I wasn't really ready to hive a swarm. I had a hive ready for a packagecoming llater this month. Some friends called this afternoon with a swarm in their yard in easy reach, so I thought -why not?

So now I have all the bees in a medium box with three frames of partial comb. I would have put in more frames, but the limb that I cut with the swarm was in the way and I ran out of light. Planning on taking care of that tomorrow. Put them to bed tonight in my apiary (2 whole hives, counting this one) with a hive top feeder. 

What next?


----------



## Mr.Beeman (May 19, 2012)

Finish the hiving and wait for at least a week then inspect. Oh... and get ready for more swarm calls. My rule of thumb is have enough woodenware for your hives you expect to keep, then double it.


----------



## Joebrad (Jan 26, 2016)

I agree with Mr. Beeman. I didn't plan to take any swarms on my first year of beekeeping and have taken 3 in the past 6 days. Can't keep this up because I am out of equipment. My exterminator friend is doing a cutout this morning and asked if I wanted the bees and honey! What to do...... I think next year I will be a bit more prepared but my little yard is filling up fast!


----------



## B Steve B (Jun 4, 2015)

Thanks guys. 

I got the limb cuttings out and finished putting in frames yesterday. Looks like the bees may be settling in. Looks like lots of orientation flight going on, and they appear to be going back in. 

Sure was fun retrieving the swarm. Especially when watching them call in the stragglers. But I'm going to have to defer any more calls this year to other beeks. Out of extra hardware and space, for now. I can see being ready for more action next spring.


----------



## richr58 (Jul 23, 2014)

Get to work on some more wooden ware, Swarm is a great addition,


----------



## Reef Resiner (Jun 9, 2015)

The work with extra hardware seems never ending. But it's all so fun! Congrats on the swarm, that's what I like to hear!


----------



## B Steve B (Jun 4, 2015)

I will be putting together more boxes and such as I have time. Things will be different after I retire (next year hopefully). I did enjoy collecting the swarm. 

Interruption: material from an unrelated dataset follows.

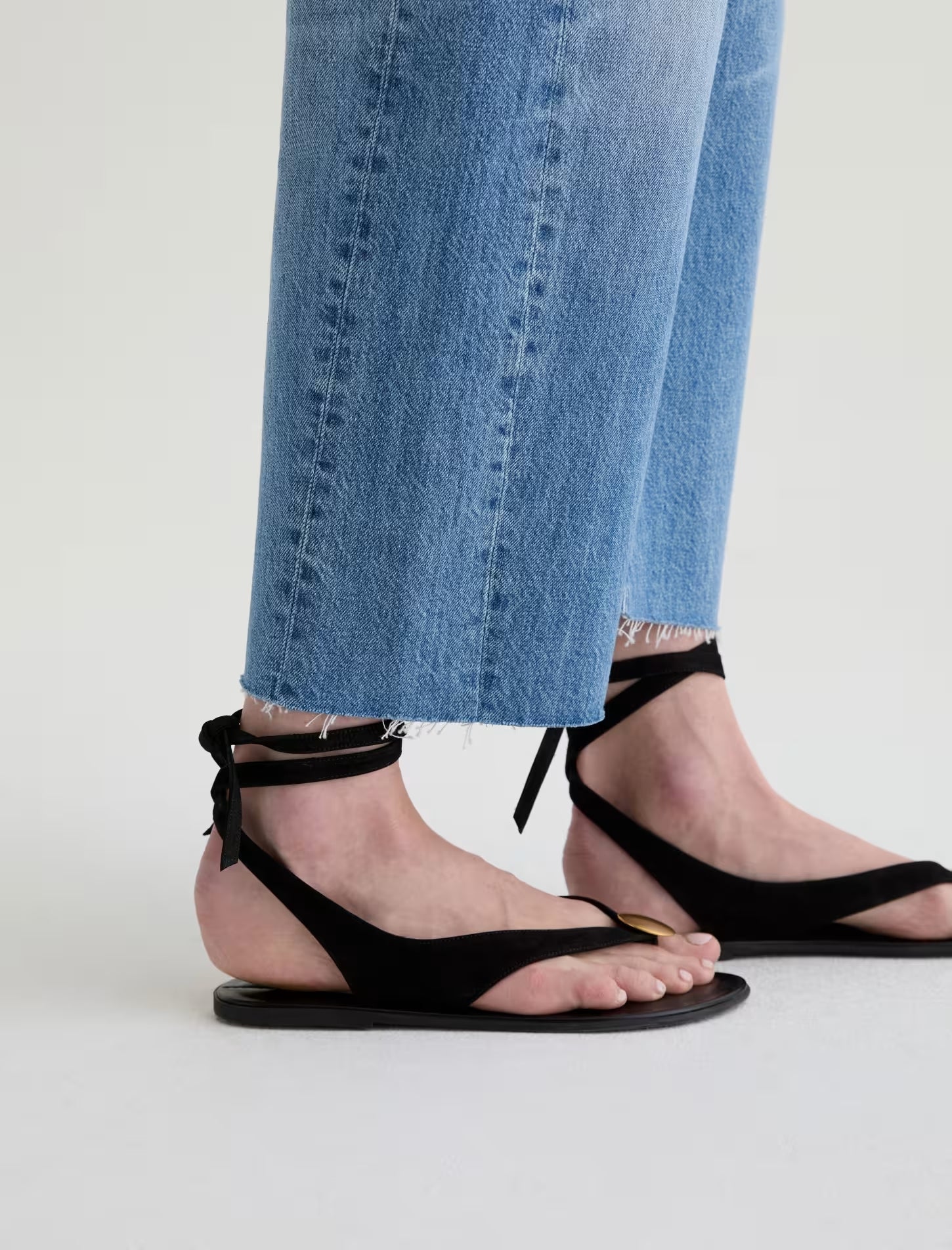 The Hattie Crop is a high-rise barrel made from non-stretch denim. In an AG-ed™ light wash to resemble 17 years of authentic wear, it is designed with raw hems, and offers a structured shape with a casual, lived-in finish.

So - what do you all do with colonies that you can't keep? I'm not looking for full time employment here, but this is fun. I assume that I can sell a caught swarm, right? Well, I can always give it away.


----------



## JRG13 (May 11, 2012)

It's only April and you're out of boxes already?


----------



## B Steve B (Jun 4, 2015)

JRG13 said:


> It's only April and you're out of boxes already?


Not "out of boxes". Just not any more extra than what I have planned for this year. I started with the boxes for the hive I began with last year and have since assembled enough for two more hives - including all the boxes and frames I am likely to need for supers, and a couple extra. 

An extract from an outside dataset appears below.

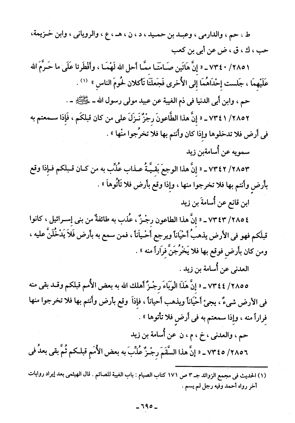 2855/ 7344 - "إِنَّ هذَا الْوَبَاءَ رِجْزٌ أَهلك اللَّه به بعض الأُمم قبلكم وقد بقى منه في الأرض شئٌ، يجئ أَحْيَانًا ويذهب أَحيانًا، فإِذا وقع بأرض وأَنتم بها فلا تخرجوا منها فِرارًا منه، وإِذا سمعتم به في أَرضٍ فلا تأتوها".

Yeah - I can see that I could easily have use for much more, if I was prepared to deal with it.  I do have other hobbies, and a full time job (for now).


----------



## richr58 (Jul 23, 2014)

You never have enough hive full of bees. One more is always a good idea oh and one more after that and so on. Nice to have too much come spring to replace any possible losses. Yes you can sell a caught swarm. Me I would sell a package before I sold a swarm.


----------



## B Steve B (Jun 4, 2015)

These bees are doing fantastic. It took exactly two weeks for the queen to fill all the frames in the first box. I managed to spot her and mark her before I added another box. Some of the comb they've been drawing is bright yellow. What's up with that?


----------



## Scpossum (May 4, 2014)

Dandelions? My swarm did the same thing. Bright yellow.


----------